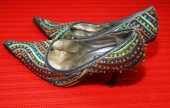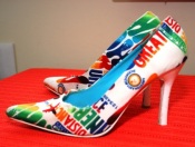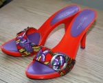 We cannot overlook her wonderfully colorful shoes. The bright graphic printed pumps are exceptional. The colors pop against the white background and are standouts for our Fashionistas.
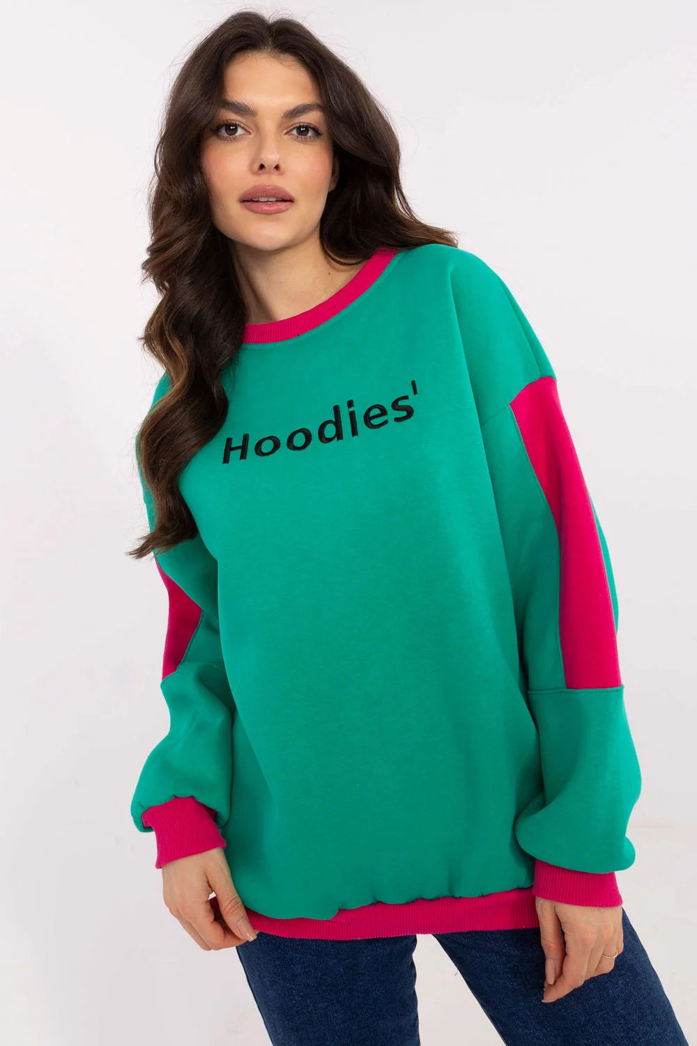 Casualová dámská mikina s klasickým a univerzálním střihem, ideální na chladnější dny. Vyrobená z kombinace bavlny a polyesteru, zaručuje pohodlí nošení, měkkost a trvanlivost. Model standardní délky s dlouhými rukávy zdobenými kontrastními vložkami, které dodávají celku moderní charakter. Mikina má kulatý výstřih a bez zapínání zdůrazňuje její pohodlný, volný styl. Další výhodou je zateplení, které zajišťuje teplo v chladnějších dnech. Na přední straně je výšivka v podobě nápisu, která jí dodává výjimečný, módní akcent. Ideální na každodenní nošení, k džínám nebo legínám.
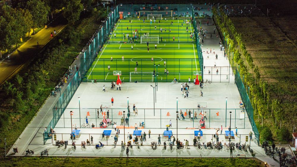 2024年9月21日,居民在山東省寧陽縣城區(qū)一處體育公園內(nèi)運動(無人機照片)。近年來,寧陽縣充分利用城市空閑區(qū)域,新建或改建體育健身公園,為居民打造“10分鐘體育健身圈”,讓城市的“金角銀邊”成為全民健身大舞臺。
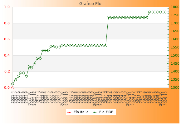 Elo FIDE: 1769    Migliore: 1769  (Dicembre 2025)    Peggiore: 1324  (Aprile 2021)
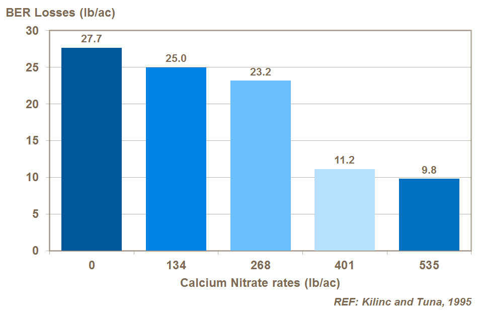 As a general rule, fresh fruit with a calcium concentration of above 0.12% do not develop BER. The best way of ensuring good calcium supply is to use calcium nitrate as the calcium source (see data above from Turkey).
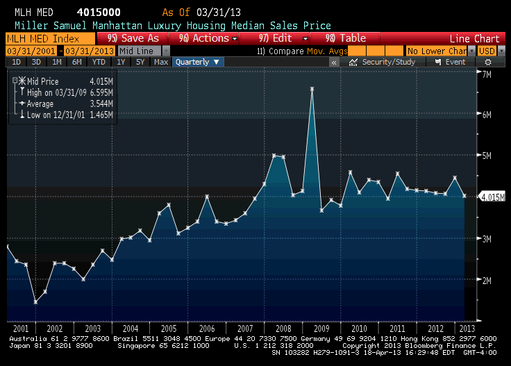 A while ago Bloomberg created three luxury housing indices using our Manhattan historical data for their terminal subscribers. Kinda cool. For all the high end housing market hype, the upper end has remained fairly stable for several years. That may change a bit going forward (higher).
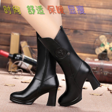 2016秋冬季新款女靴真皮高跟中筒靴子侧拉链妈妈加绒棉靴女鞋子潮
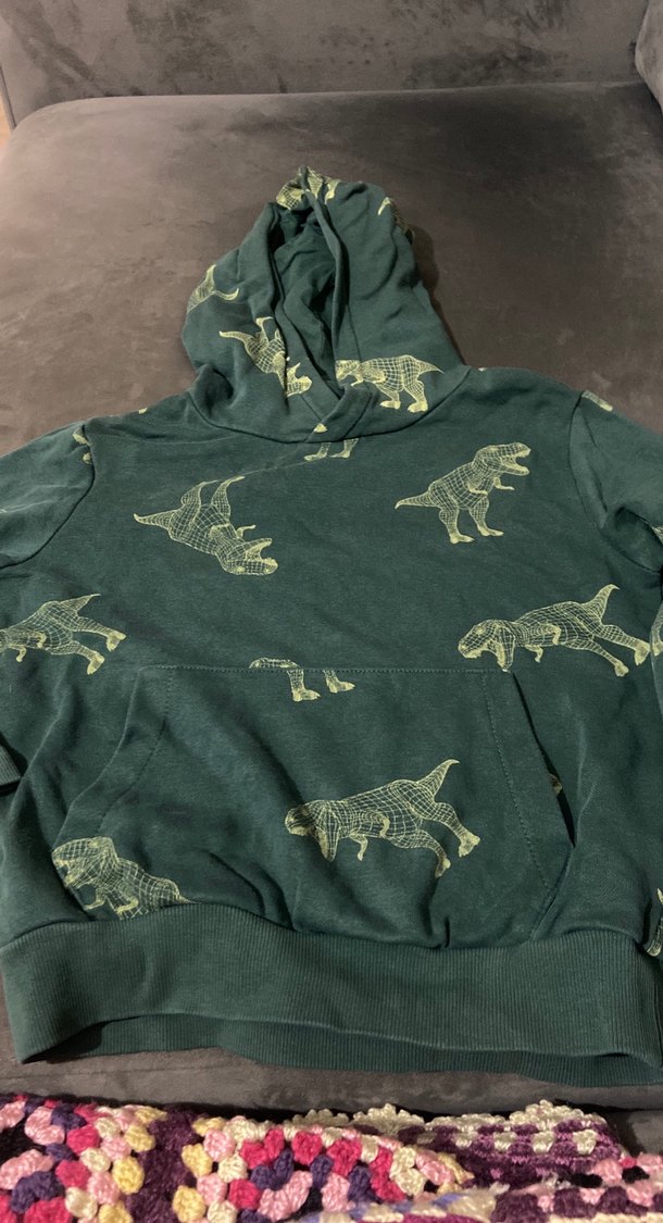 Koyu gri kapüşonlu, uzun kollu erkek sweatshirt, baskılı dinazor desenleri ve fermuarlı cep detayına sahip, rahat kesim.
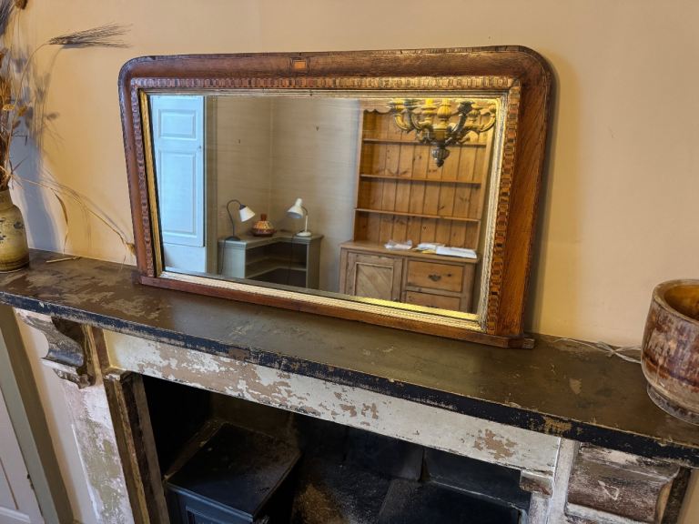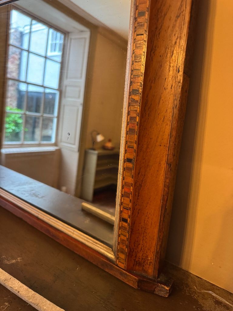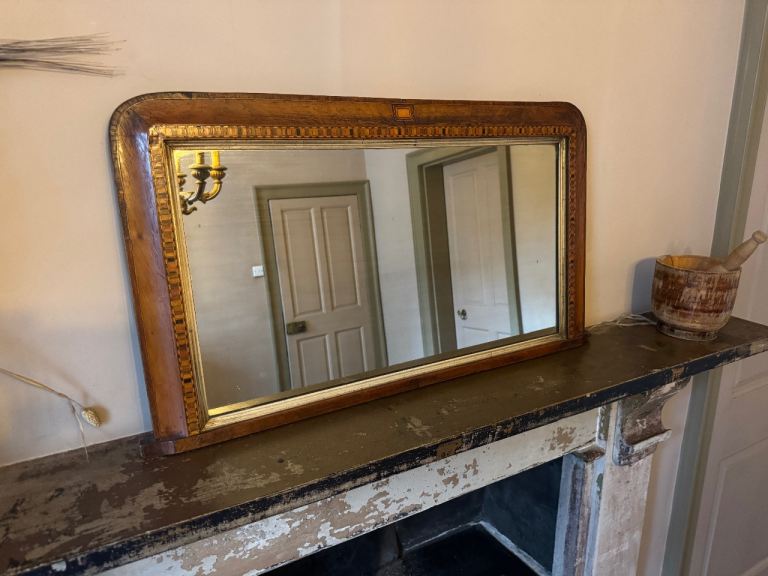 Posting for under a monthAntique walnut overmantel mirror with marquetry inlay and giltwood inner frame. VG condition.
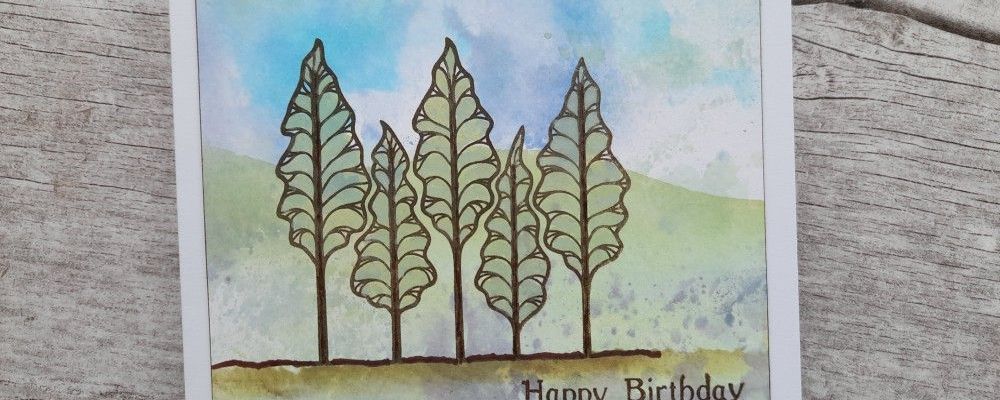 Welcome to my crafty blog. I’m feeling happy with today’s card as I’ve used up another of the many inky mop-up backgrounds in my stash without making another one in the process! I’ve been trying to make a few more masculine cards recently, and Claritystamp’s ‘tree rows’ stamps give a more contemporary feel to a landscape. I picked up the ‘sky and trees’ theme from the new challenge at Just Add Ink and combined it with this week’s colours from Color Throwdown
=-=-=
Return exactly the lines of the material above, starting at the line containing "2024年9月21日,居民在" and finishing at the line containing "A while ago", without any pictures.

● **Answer below**
 2024年9月21日,居民在山東省寧陽縣城區(qū)一處體育公園內(nèi)運動(無人機照片)。近年來,寧陽縣充分利用城市空閑區(qū)域,新建或改建體育健身公園,為居民打造“10分鐘體育健身圈”,讓城市的“金角銀邊”成為全民健身大舞臺。
 Elo FIDE: 1769    Migliore: 1769  (Dicembre 2025)    Peggiore: 1324  (Aprile 2021)
 As a general rule, fresh fruit with a calcium concentration of above 0.12% do not develop BER. The best way of ensuring good calcium supply is to use calcium nitrate as the calcium source (see data above from Turkey).
 A while ago Bloomberg created three luxury housing indices using our Manhattan historical data for their terminal subscribers. Kinda cool. For all the high end housing market hype, the upper end has remained fairly stable for several years. That may change a bit going forward (higher).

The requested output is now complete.